Praising the deal Tuesday were state Sen. Hoon-Yung Hopgood, D-Taylor; Rep. Erika Geiss, another Taylor Democrat; and Romulus Mayor LeRoy Burcroff. They urged the board to approve the development incentive.

Burcroff said the new warehouse could be the “catalyst” for developing about 1,000 acres of land north of the airport in Romulus.

“And I think it’s gonna be great for the whole state,” he said.

Ken Dalto, a retail industry analyst, said Monday the fulfillment centers help Amazon deliver products more quickly within a 100-mile radius of those centers.

“Amazon is taking over the world,” Dalto said. “They want to be able to (fill orders) quickly,” and locating two new facilities in Livonia and Romulus would put a new distribution arm within a few-hours drive of all of the most population-dense cities in Michigan, and some big cities in Ohio, and northern Indiana.

Dalto added he expects Amazon would soon look to open a similar facility somewhere on the west side of Michigan.

Holly Sullivan, an Amazon senior economic development manager, said in December when the company won a grant for its Livonia locations that Amazon fulfillment centers are “highly automated.”

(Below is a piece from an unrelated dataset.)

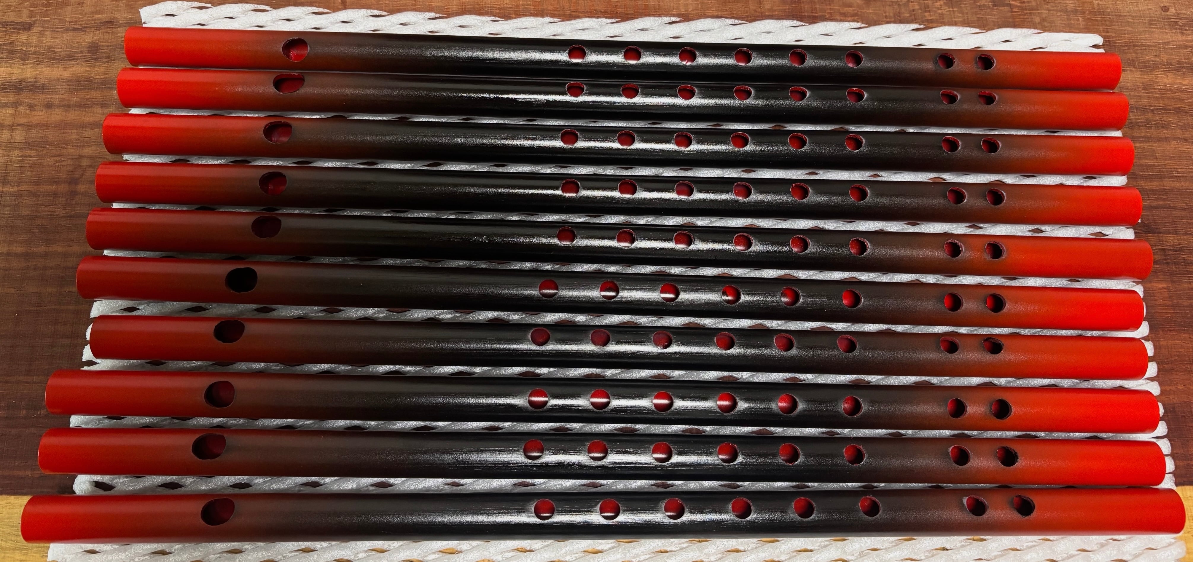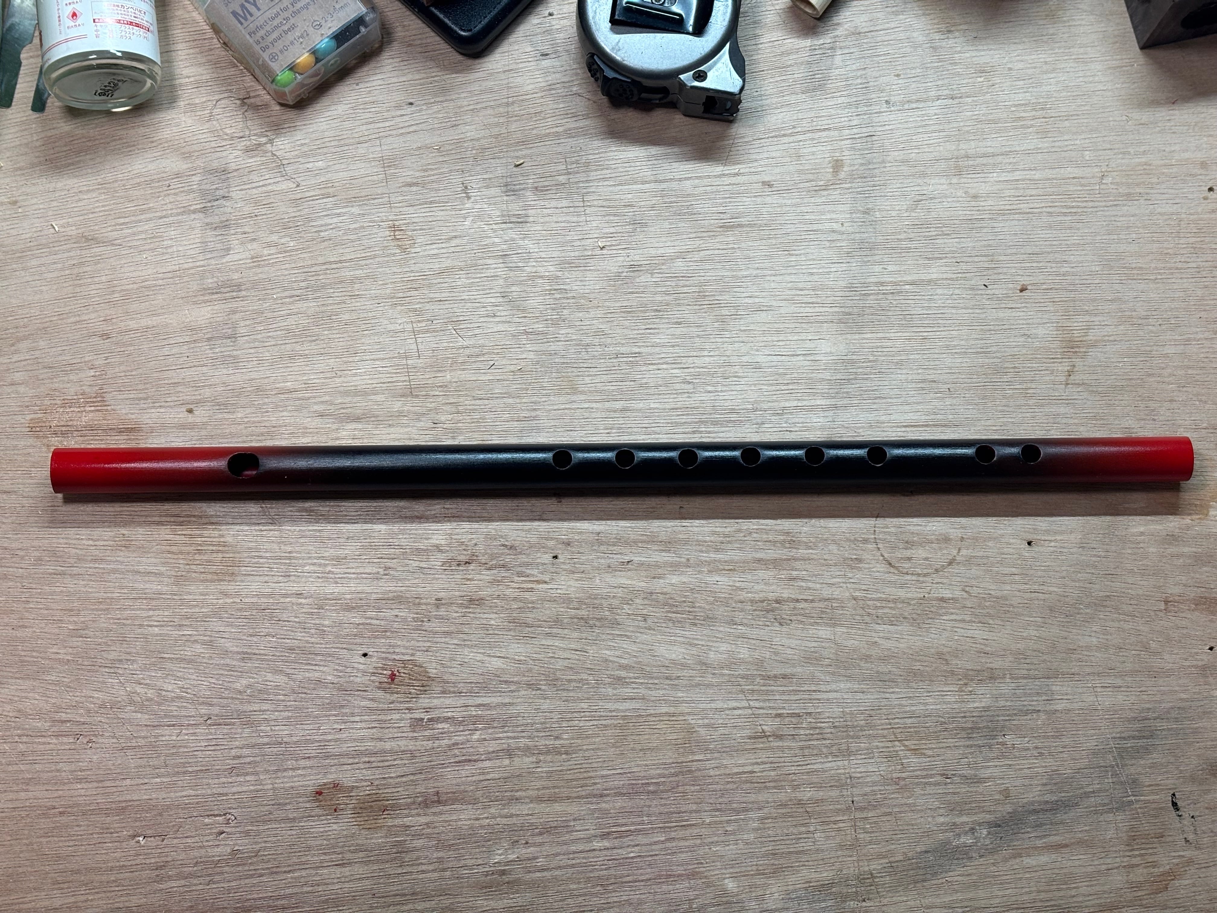 輪島市や能登町のキリコ祭りで使われている明笛をベースに、塩化ビニールパイプにて制作しました。

The board also approved a $4 million subsidy for gas turbine manufacturer Williams International Co. to move its headquarters from Commerce Township to the site of the former Motown Motion Picture Studio — which was also known as Raleigh Studios. The state money is targeted at paying for the retrofitting of the Pontiac facility. The area has been declared a virtually tax-free Renaissance Zone for 15 years.

Williams International indicates its military and commercial business is growing, which should result in $344.5 million in private investment and the creation of 400 jobs on top of its existing 500 staffers, according to a briefing memo.

The company had explored other sites in Alabama and Utah, where it has operations, according to the document.

This is not the only subsidy the state has paid for the Pontiac film studio site. In 2015, the state Legislature redirected any unspent 2016 fiscal year movie incentive money to repay a state pension fund for losses incurred on $18 million in bonds it guaranteed for the construction and operation of the Pontiac complex.

In 2012, Raleigh Studios failed to make a $630,000 payment on its film facility construction bonds, resulting in the State of Michigan Retirement System paying $420,000 under an agreement by the former Granholm administration. The film studio was backed by wealthy benefactors including the Taubman family and Walbridge Co. CEO John Rakolta Jr.